WHAT YOU NEED TO DO> The reply should hold only the lines below beginning at the one with "Saturday, November 12" and ending at the one with "The mystery religions", copied exactly, with every picture left out.

DATA SECTION>
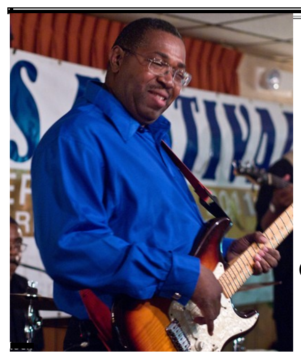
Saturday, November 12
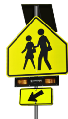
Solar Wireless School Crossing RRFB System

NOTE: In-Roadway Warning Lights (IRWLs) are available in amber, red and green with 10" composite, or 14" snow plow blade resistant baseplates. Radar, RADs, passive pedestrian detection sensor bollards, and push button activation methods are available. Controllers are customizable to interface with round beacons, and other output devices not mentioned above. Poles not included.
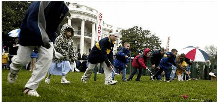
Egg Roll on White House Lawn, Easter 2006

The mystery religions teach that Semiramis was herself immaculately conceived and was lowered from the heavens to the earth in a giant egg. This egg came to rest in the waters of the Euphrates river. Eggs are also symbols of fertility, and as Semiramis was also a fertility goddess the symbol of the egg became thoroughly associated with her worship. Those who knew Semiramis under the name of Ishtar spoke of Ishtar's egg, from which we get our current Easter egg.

* * *

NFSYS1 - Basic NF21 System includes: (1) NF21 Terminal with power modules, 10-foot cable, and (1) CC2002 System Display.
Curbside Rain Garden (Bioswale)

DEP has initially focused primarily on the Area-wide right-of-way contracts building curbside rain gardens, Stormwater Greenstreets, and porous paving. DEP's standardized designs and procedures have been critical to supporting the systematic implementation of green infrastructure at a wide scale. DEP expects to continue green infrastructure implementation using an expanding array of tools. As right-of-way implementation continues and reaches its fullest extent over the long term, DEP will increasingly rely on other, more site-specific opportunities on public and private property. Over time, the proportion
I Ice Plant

* * *

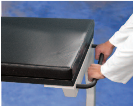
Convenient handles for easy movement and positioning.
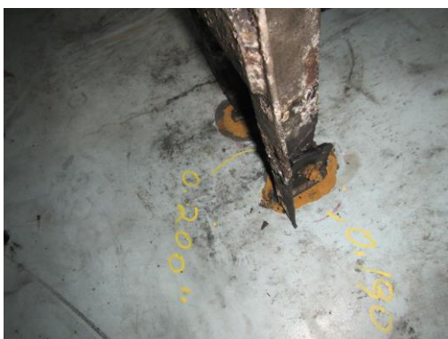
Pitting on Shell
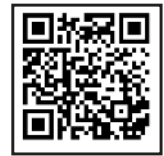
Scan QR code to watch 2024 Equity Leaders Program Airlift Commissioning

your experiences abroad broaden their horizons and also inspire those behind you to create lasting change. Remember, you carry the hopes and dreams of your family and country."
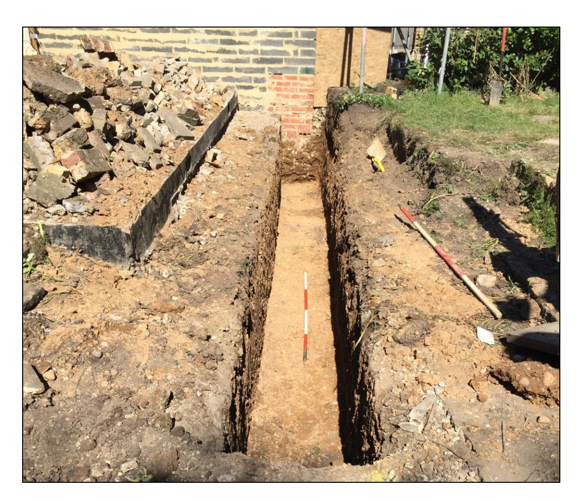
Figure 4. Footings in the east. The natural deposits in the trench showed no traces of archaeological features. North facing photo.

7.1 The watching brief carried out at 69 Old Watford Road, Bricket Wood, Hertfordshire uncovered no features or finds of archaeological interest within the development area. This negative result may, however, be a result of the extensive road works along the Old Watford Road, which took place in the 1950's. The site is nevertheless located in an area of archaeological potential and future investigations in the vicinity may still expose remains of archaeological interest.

RESPONSE TO THE TASK>
Saturday, November 12
Solar Wireless School Crossing RRFB System

NOTE: In-Roadway Warning Lights (IRWLs) are available in amber, red and green with 10" composite, or 14" snow plow blade resistant baseplates. Radar, RADs, passive pedestrian detection sensor bollards, and push button activation methods are available. Controllers are customizable to interface with round beacons, and other output devices not mentioned above. Poles not included.
Egg Roll on White House Lawn, Easter 2006

The mystery religions teach that Semiramis was herself immaculately conceived and was lowered from the heavens to the earth in a giant egg. This egg came to rest in the waters of the Euphrates river. Eggs are also symbols of fertility, and as Semiramis was also a fertility goddess the symbol of the egg became thoroughly associated with her worship. Those who knew Semiramis under the name of Ishtar spoke of Ishtar's egg, from which we get our current Easter egg.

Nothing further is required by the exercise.